4. Big deal. It does not make their wishes about me a true fact.

5. Move on without them. As much as The Brady Bunch and Beaver Cleaver tried to make family (DNA by random) people who must love you or you are worthless, it is not correct.

If somebody says I have red hair and insists on it and talks others into seeing me with red hair, when my hair is dark brown, does their insistence that my hair is red make it true? Just because they see it as red? Or want to see it as red?

We are who we are, no matter what anybody, including our DNA collection, tells us we are. So who cares if they think wrongly about us?
I'd rather be around those people who see me with dark brown hair. They see and understand the real me and are not making up their own version of a person who does not exist.

My DNA collection lives in a magical world in which people are the way THEY choose to see them. It's like living with fairies and pink elephants. They are not good at reality. And many of them are quite mean. Who needs it??
 

2much2recover

Well-Known Member
There is a huge need in a dysfunctional unit to keep the "black sheep" in place.
As I meet more and more "black sheep" I have become convinced that the black sheep is the person who speaks out about the dysfunction going on inside the dysfunctional family. They become the black sheep by betraying the wall of secrecy that sustains dysfunctional lifestyles. I also like to compare it to the sober person who none of the alcoholics want to hang out with - it reminds the drinkers too much that they should be (or getting) sober too! Nobody likes you when you are the "sane" one, who sees and speaks the truth of what is really going on. Therefore a label is slapped on that person and the rest persecute them for failing to toe the dysfunctional family line.
 

BusynMember

Well-Known Member
2Much, thank you. Thank you so much. I forgot about that. Indeed, it is often the one who notices the dysfunction and questions it, thus letting the cat out of the bag by acknowledging it. Therefore, obviously the black sheep is "crazy" because they ARE NOT DYSFUNCTIONAL.

I was just a kid when I became the black sheep and was not an easy kid either. I had early mood disorders, tantrums, and was very precocious. The combination sealed my fate. "Mom, why do you call me stupid? When I go to Sally's house, they don't yell. They're nice to each other?" with childish interest.

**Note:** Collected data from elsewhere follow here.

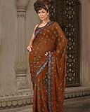 Highly impressive brown faux georgette saree with sequentially arranged beautiful bootis and finely embroidered border in sequins, resham and zari work comes with delicately embroidered blouse. True sophistication that will prove to be real breath taking. There might be slight color variation.
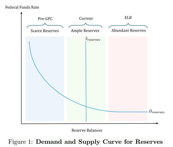 傳統架構認為,聯邦儲備銀行縮表的約束來自於”準備金供給觸及需求曲線陡峭區間”—一旦供給收緊至臨界點,隔夜利率就會失控。因此,聯邦儲備銀行只能等準備金降至”稀缺”狀態後被動停止縮表。 2019年9月的”回購市場地震”,正是這一邏輯的現實演繹。
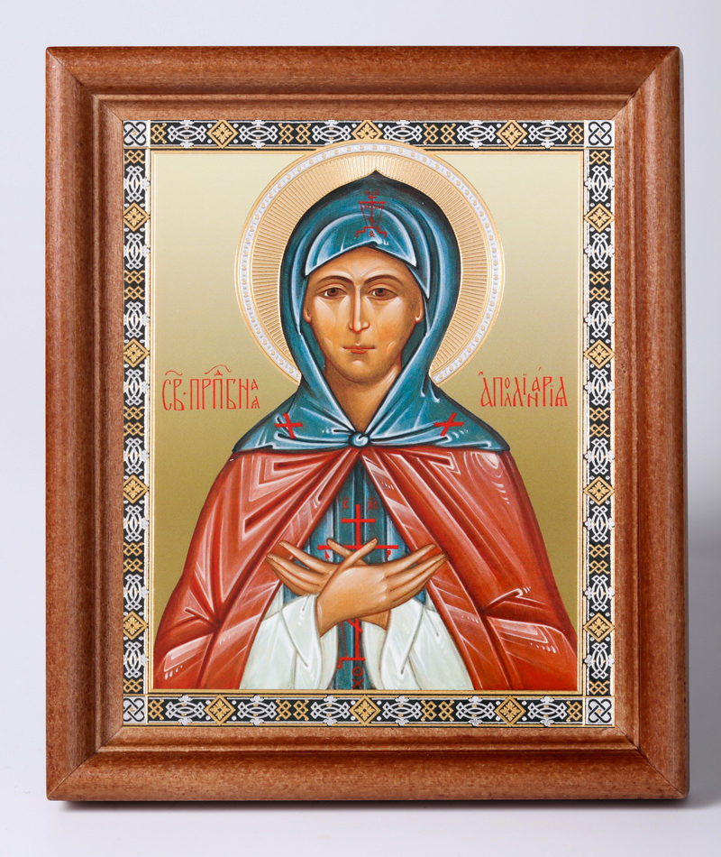 Икона в деревянной рамке №1 11х13 двойное тиснение Аполлинария прп.
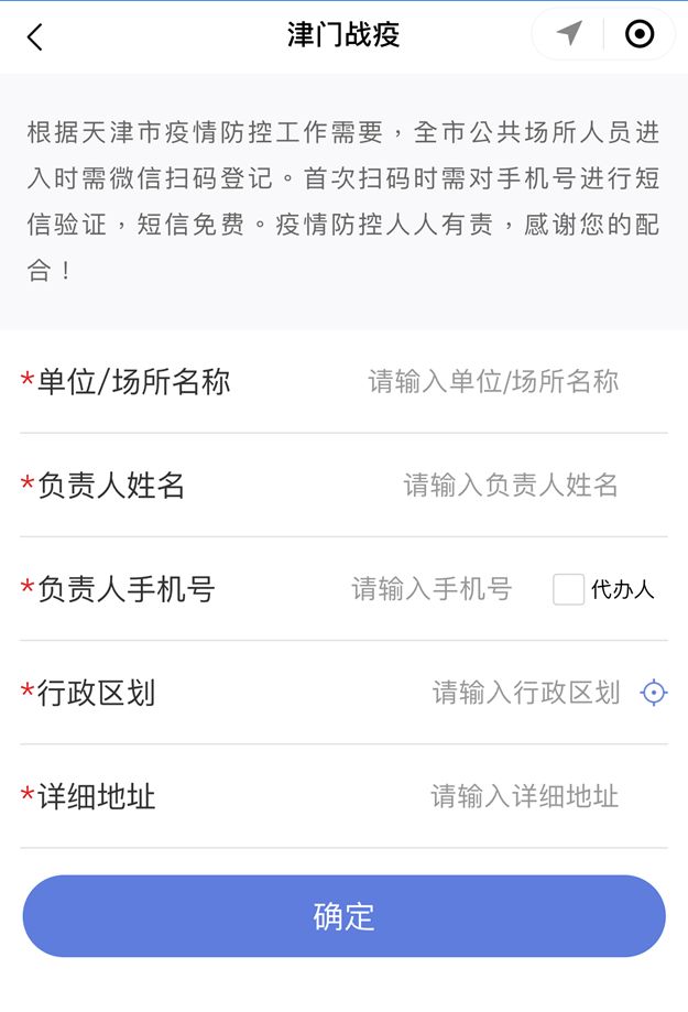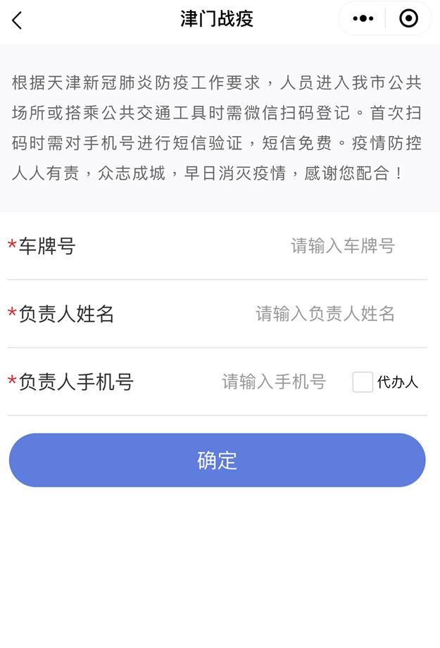 二、所有机关企事业单位、各类公共场所以及公共交通工具管理者或营业者,须通过微信搜索打开“津门战疫”小程序,按照提示要求,输入必要信息后,系统生成独有小程序码,在场所进出口、上下车明显部位进行张贴,并安排专门人员引导、辅助无操作条件人员进行登记。所有进入本通告第一条范围的人员须配合扫码,首次扫码需短信验证。系统采集的数据仅用于疫情防控工作。
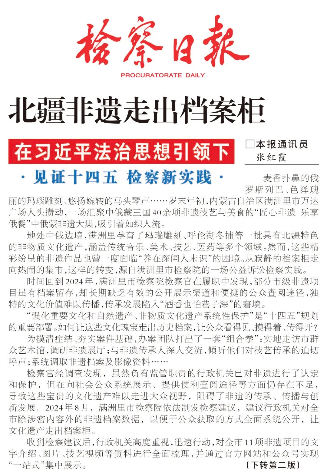 检察官经调查发现,虽然负有监管职责的行政机关已对非遗进行了认定和保护,但在向社会公众系统展示、提供便利查阅途径等方面仍存在不足,导致这些宝贵的文化遗产难以走进大众视野,阻碍了非遗的传承、传播与创新发展。2024年8月,满洲里市检察院依法制发检察建议,建议行政机关对全市除涉密内容外的非遗档案数据,以便于公众获取的方式全面系统公开,让文化遗产走出档案柜。

Later on, "No, I will not only date boys of my own religion. That doesn't make any sense. I'm not doing anything morally wrong if I date boys who are not Jewish. I won't listen to that." The fact that I broke this rule was huge. The fact that everyone after me copied what I did made it my fault that they all did it.

You can't break the rules of the family, even if they truly make no sense. And there is no discussion.
 

2much2recover

Well-Known Member
I had early mood disorders, tantrums, and was very precocious.
Ah yes, and I learned this, as I too, have an anxiety disorder. When you are young and your brain is developing, if you continuously feel anxious, your brain rewires itself to always feel anxious. I lost a sister to death when she was 9, just before I turned 7. So through the ages of 7ish to 10 I worried constantly that I would die too. Nobody bothered to explain to me what had happened to my sister (she died in the night of natural causes) So the not knowing found me in endless anxiety of what was going to happen to me. It took me a long time in therapy to uncover this, but this is how I understand those "early age" anxieties. Funny, MWM, my cousin (whom I love dearly) tells me that when I was a child everything from me was "why, why, why?" Couldn't have helped my situation when everyone was wanting to keep secrets!
 

BusynMember

Well-Known Member
Oh, 2 Much! I can soooooooooooo relate. I was a "why" kid too and I didn't back down. If I was put off I'd say, "You didn't answer." Drove my family nuts.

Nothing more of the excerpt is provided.